Dataset excerpts:
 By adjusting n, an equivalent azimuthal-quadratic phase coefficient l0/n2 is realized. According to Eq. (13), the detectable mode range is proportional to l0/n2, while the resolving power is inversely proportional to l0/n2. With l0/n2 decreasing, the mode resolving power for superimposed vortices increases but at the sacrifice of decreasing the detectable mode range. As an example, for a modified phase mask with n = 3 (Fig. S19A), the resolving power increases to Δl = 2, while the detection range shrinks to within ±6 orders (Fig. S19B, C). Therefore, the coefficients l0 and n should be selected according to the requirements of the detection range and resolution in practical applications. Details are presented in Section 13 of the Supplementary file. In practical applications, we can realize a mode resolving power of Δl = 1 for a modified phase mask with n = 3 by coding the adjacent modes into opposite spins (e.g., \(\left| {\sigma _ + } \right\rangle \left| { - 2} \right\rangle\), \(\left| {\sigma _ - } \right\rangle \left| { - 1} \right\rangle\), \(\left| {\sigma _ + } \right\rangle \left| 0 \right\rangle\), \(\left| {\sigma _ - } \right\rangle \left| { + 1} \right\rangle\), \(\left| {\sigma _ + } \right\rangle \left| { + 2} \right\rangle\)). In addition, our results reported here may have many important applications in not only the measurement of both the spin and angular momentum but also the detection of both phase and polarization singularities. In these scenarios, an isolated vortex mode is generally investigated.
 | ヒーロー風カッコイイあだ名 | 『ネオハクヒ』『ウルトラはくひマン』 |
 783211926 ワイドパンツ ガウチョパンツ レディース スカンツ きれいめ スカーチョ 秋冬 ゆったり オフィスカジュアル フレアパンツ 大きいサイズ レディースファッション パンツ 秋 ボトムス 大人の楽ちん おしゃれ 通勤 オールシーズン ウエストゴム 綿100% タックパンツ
==
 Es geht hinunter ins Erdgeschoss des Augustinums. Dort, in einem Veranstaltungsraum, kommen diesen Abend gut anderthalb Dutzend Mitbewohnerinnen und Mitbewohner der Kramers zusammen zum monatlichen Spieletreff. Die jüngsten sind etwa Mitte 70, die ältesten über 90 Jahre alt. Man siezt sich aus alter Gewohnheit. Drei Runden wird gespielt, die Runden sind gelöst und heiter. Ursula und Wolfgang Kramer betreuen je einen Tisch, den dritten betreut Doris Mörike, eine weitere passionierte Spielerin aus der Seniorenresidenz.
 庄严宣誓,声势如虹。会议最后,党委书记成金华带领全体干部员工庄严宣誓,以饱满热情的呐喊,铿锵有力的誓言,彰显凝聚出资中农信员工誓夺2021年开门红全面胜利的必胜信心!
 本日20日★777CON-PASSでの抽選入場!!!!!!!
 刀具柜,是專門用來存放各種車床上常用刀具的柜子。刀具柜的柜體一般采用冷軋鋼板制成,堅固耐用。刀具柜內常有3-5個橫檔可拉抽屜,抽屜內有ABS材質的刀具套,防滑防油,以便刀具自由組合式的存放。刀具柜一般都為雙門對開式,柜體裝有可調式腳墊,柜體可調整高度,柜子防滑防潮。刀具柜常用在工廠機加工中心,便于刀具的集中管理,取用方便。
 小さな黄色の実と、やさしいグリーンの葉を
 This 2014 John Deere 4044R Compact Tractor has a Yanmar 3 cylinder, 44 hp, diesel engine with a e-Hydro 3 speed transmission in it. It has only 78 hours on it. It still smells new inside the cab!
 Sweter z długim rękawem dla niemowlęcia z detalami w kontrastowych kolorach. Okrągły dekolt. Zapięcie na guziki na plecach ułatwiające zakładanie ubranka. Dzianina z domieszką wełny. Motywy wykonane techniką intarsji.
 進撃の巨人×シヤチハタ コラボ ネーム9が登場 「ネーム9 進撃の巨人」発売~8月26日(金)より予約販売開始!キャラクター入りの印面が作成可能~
--
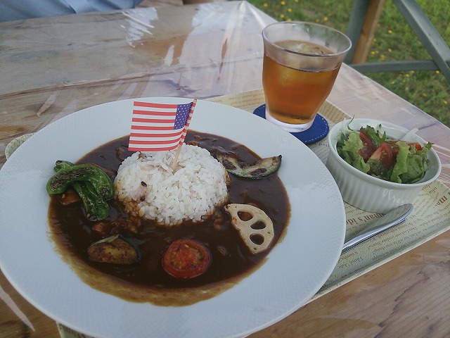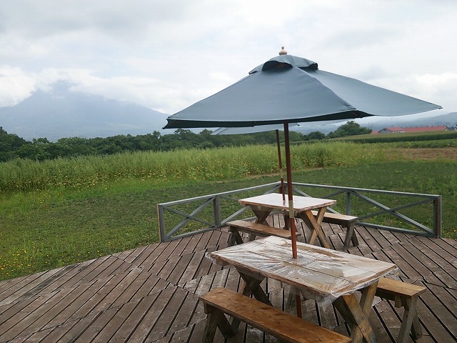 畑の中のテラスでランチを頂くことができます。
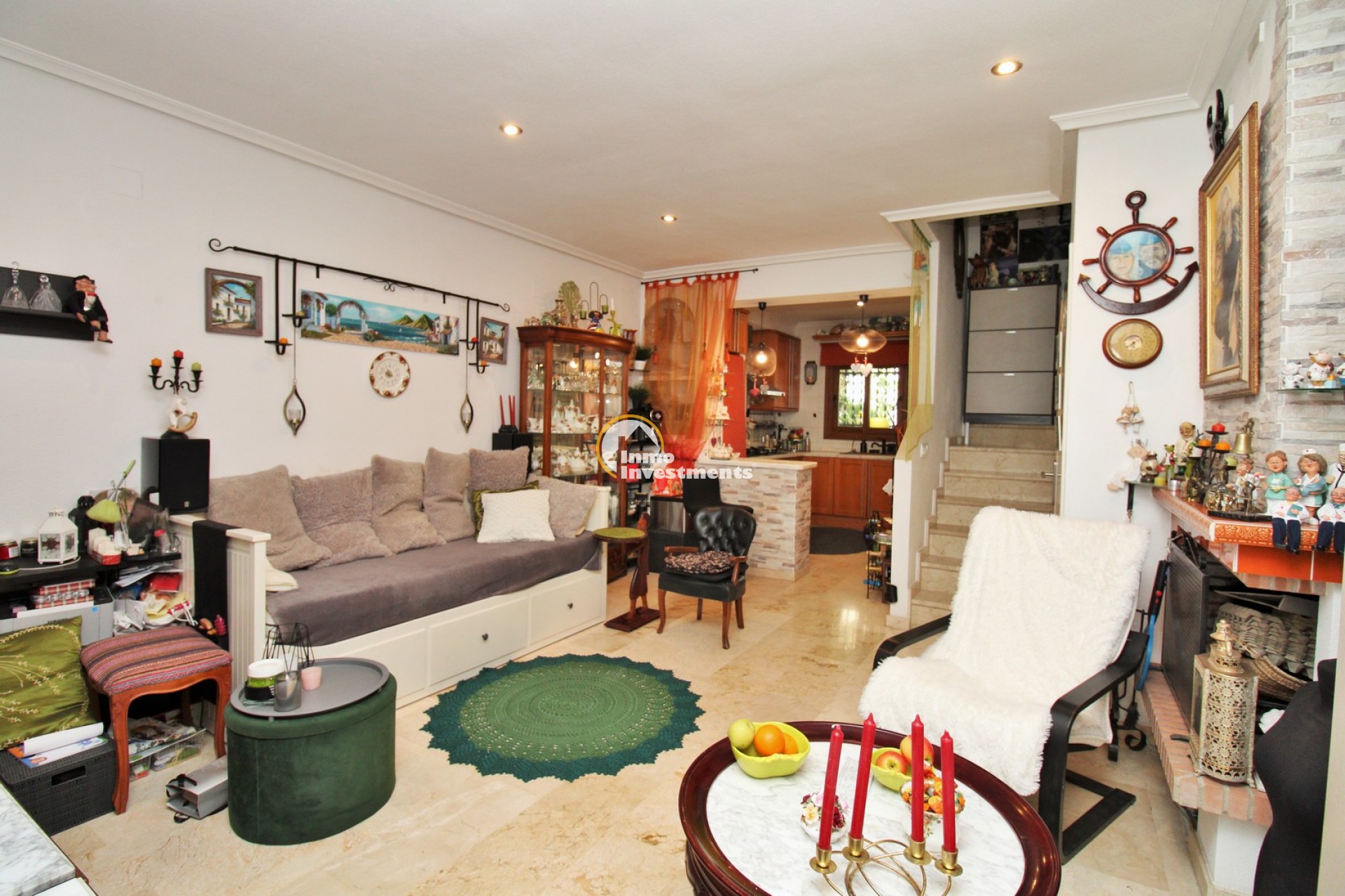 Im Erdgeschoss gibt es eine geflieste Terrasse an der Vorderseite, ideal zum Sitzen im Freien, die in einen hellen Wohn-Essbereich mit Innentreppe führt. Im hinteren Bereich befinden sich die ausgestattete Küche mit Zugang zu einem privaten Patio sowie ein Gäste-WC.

What you need to do: Copy all lines from the material that contain "only".

Response to the task:
 By adjusting n, an equivalent azimuthal-quadratic phase coefficient l0/n2 is realized. According to Eq. (13), the detectable mode range is proportional to l0/n2, while the resolving power is inversely proportional to l0/n2. With l0/n2 decreasing, the mode resolving power for superimposed vortices increases but at the sacrifice of decreasing the detectable mode range. As an example, for a modified phase mask with n = 3 (Fig. S19A), the resolving power increases to Δl = 2, while the detection range shrinks to within ±6 orders (Fig. S19B, C). Therefore, the coefficients l0 and n should be selected according to the requirements of the detection range and resolution in practical applications. Details are presented in Section 13 of the Supplementary file. In practical applications, we can realize a mode resolving power of Δl = 1 for a modified phase mask with n = 3 by coding the adjacent modes into opposite spins (e.g., \(\left| {\sigma _ + } \right\rangle \left| { - 2} \right\rangle\), \(\left| {\sigma _ - } \right\rangle \left| { - 1} \right\rangle\), \(\left| {\sigma _ + } \right\rangle \left| 0 \right\rangle\), \(\left| {\sigma _ - } \right\rangle \left| { + 1} \right\rangle\), \(\left| {\sigma _ + } \right\rangle \left| { + 2} \right\rangle\)). In addition, our results reported here may have many important applications in not only the measurement of both the spin and angular momentum but also the detection of both phase and polarization singularities. In these scenarios, an isolated vortex mode is generally investigated.
 This 2014 John Deere 4044R Compact Tractor has a Yanmar 3 cylinder, 44 hp, diesel engine with a e-Hydro 3 speed transmission in it. It has only 78 hours on it. It still smells new inside the cab!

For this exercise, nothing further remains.